*EXERCISE AIM:*
All lines from the one that has "就职典礼前夕 特朗普前往阿灵顿公墓敬献花圈" onward to the end of the records below are to be returned exactly; pictures are to be skipped.

*DATA FOR THIS TASK:*
[Start of section]

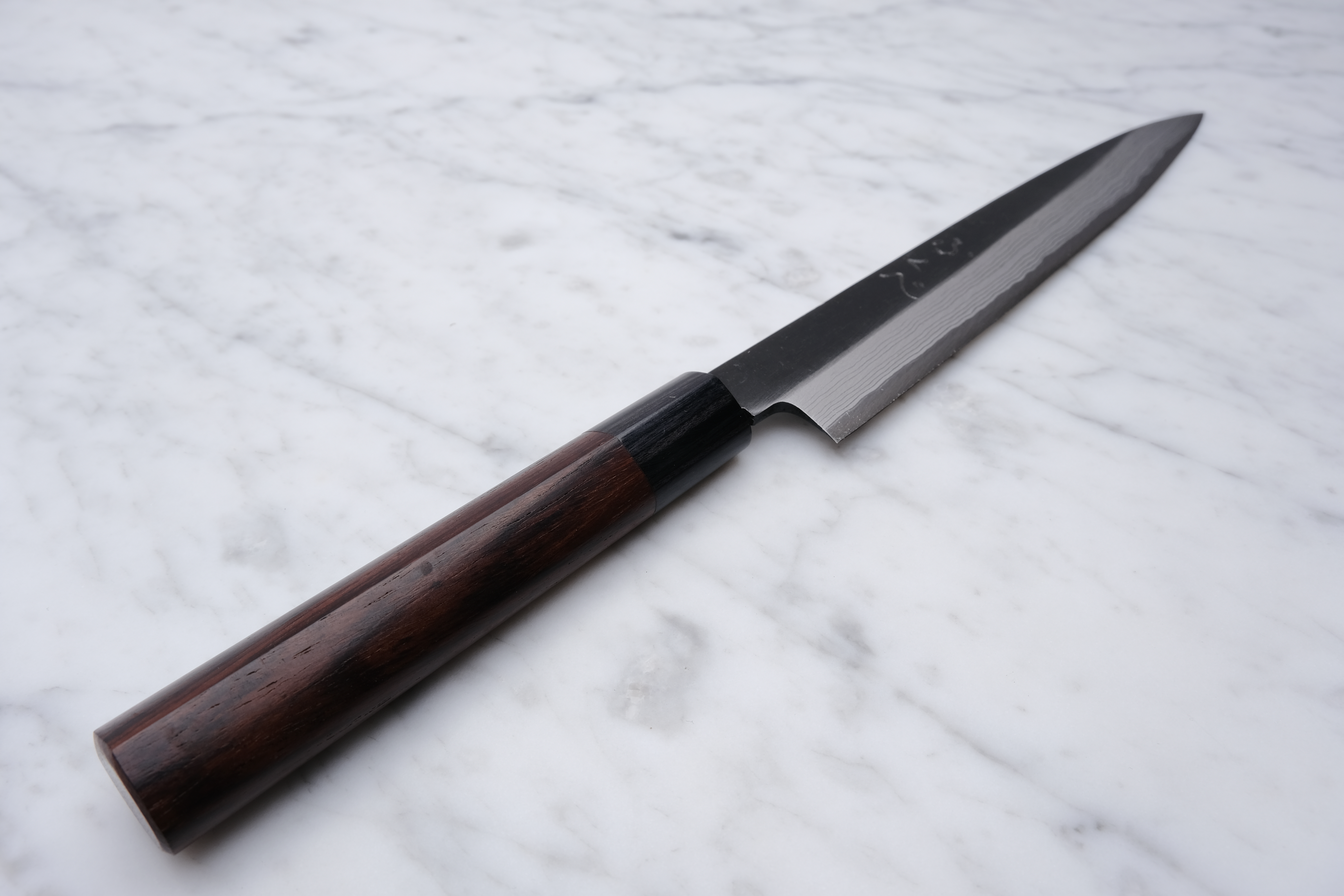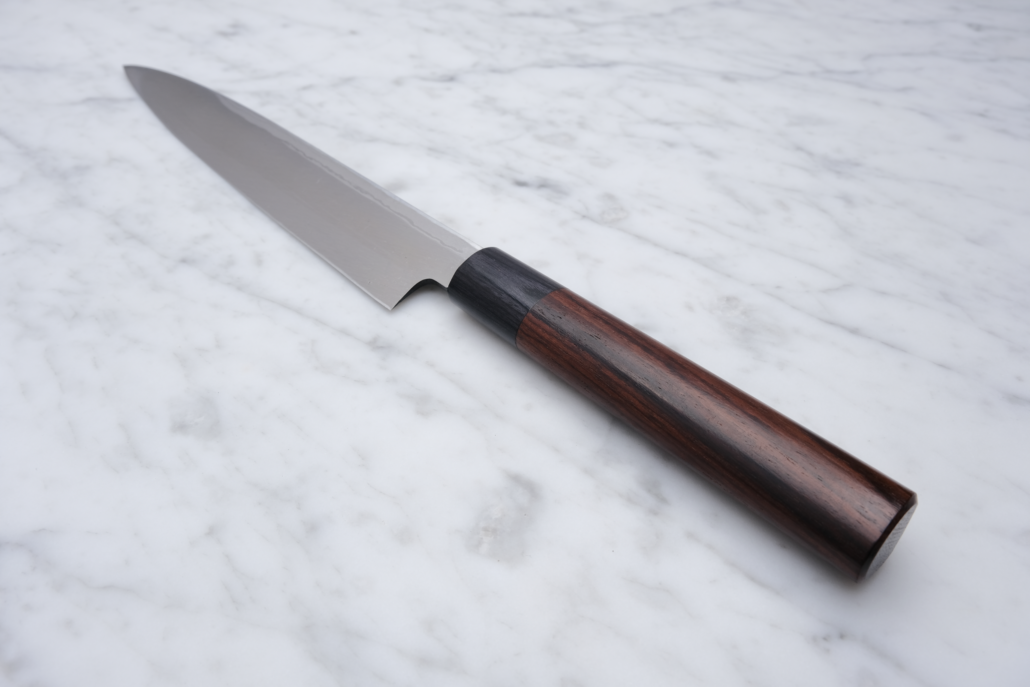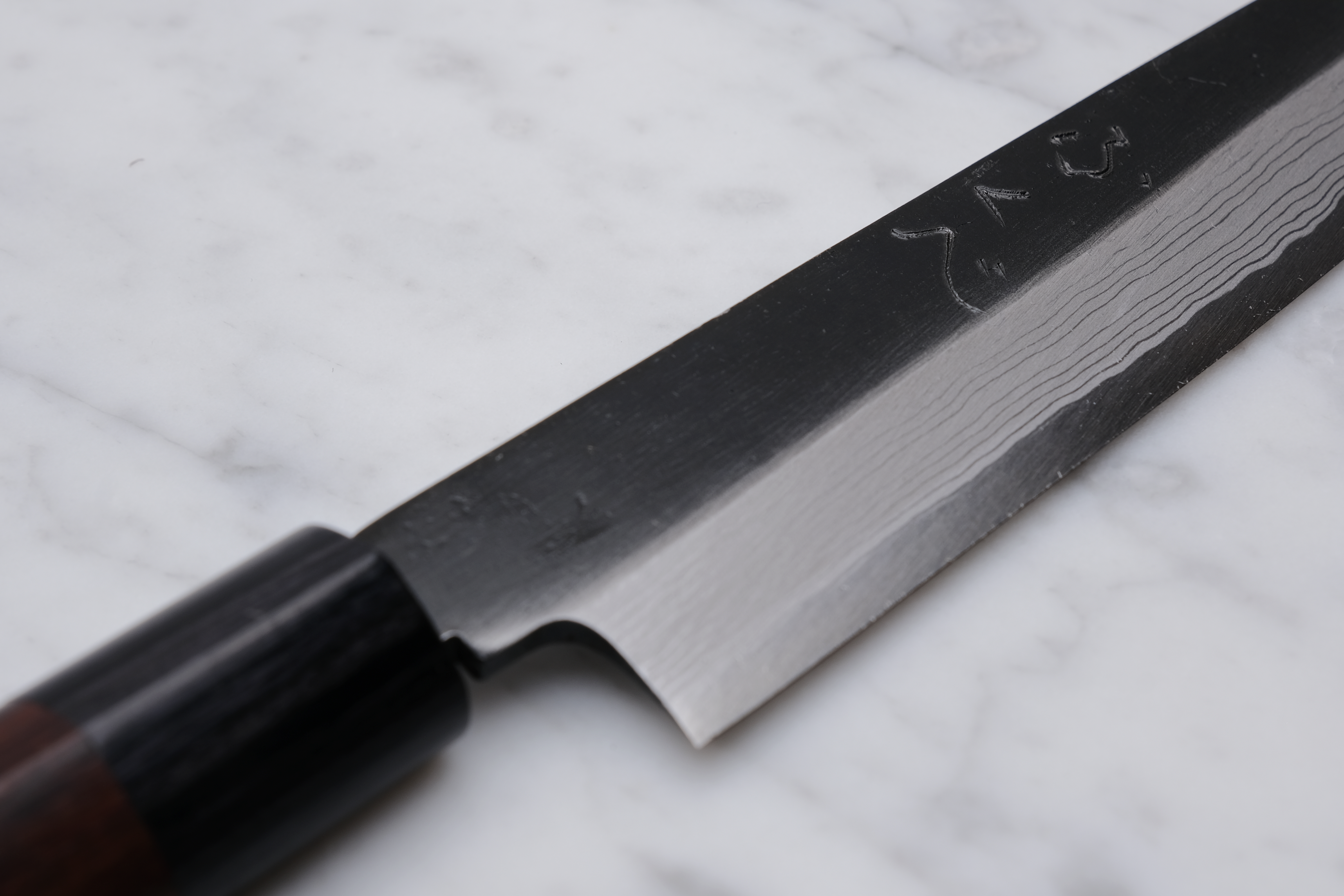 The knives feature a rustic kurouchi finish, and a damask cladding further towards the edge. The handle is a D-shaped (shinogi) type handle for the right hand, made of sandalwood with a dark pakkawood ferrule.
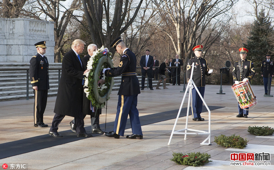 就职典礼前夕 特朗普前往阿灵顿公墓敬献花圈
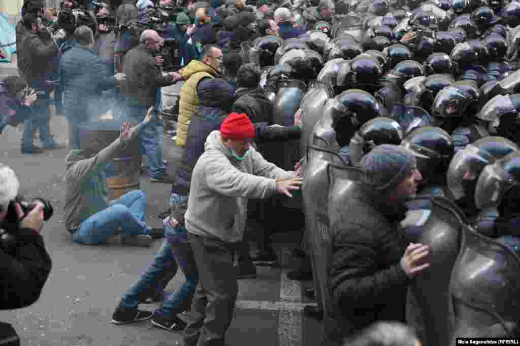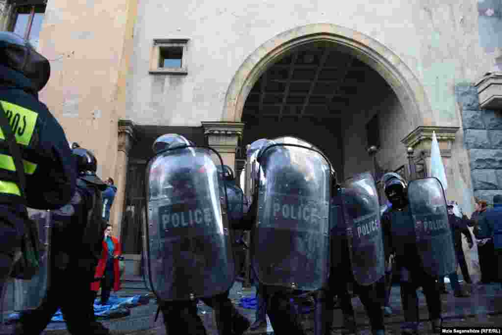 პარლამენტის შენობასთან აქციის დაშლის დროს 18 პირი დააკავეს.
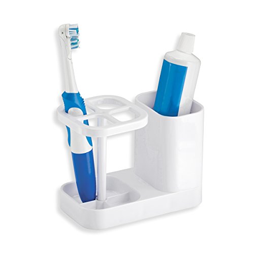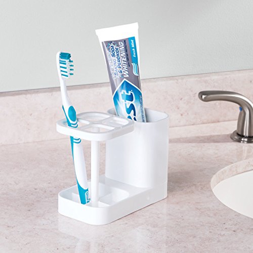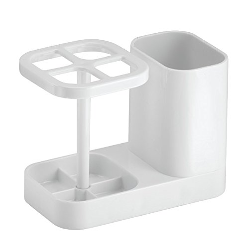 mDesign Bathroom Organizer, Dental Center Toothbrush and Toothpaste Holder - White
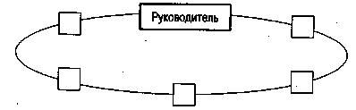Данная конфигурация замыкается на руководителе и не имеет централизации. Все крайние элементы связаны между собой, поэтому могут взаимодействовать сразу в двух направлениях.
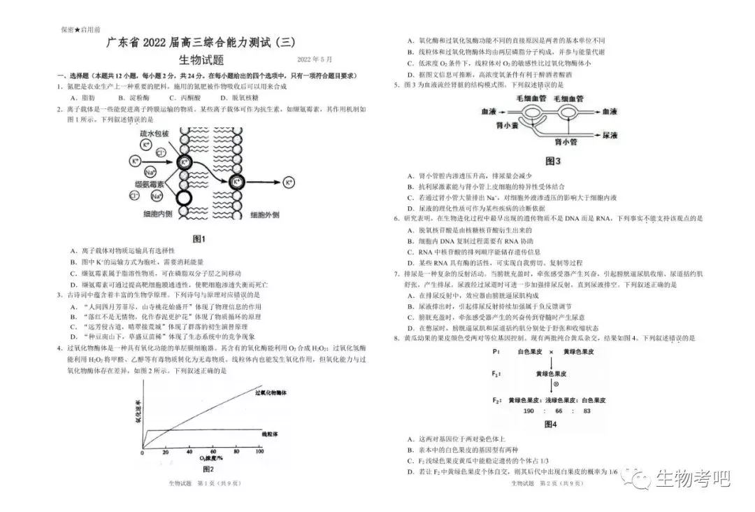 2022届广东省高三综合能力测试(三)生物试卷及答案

[End of section]

*ANSWER AREA:*
 就职典礼前夕 特朗普前往阿灵顿公墓敬献花圈
 პარლამენტის შენობასთან აქციის დაშლის დროს 18 პირი დააკავეს.
 mDesign Bathroom Organizer, Dental Center Toothbrush and Toothpaste Holder - White
Данная конфигурация замыкается на руководителе и не имеет централизации. Все крайние элементы связаны между собой, поэтому могут взаимодействовать сразу в двух направлениях.
 2022届广东省高三综合能力测试(三)生物试卷及答案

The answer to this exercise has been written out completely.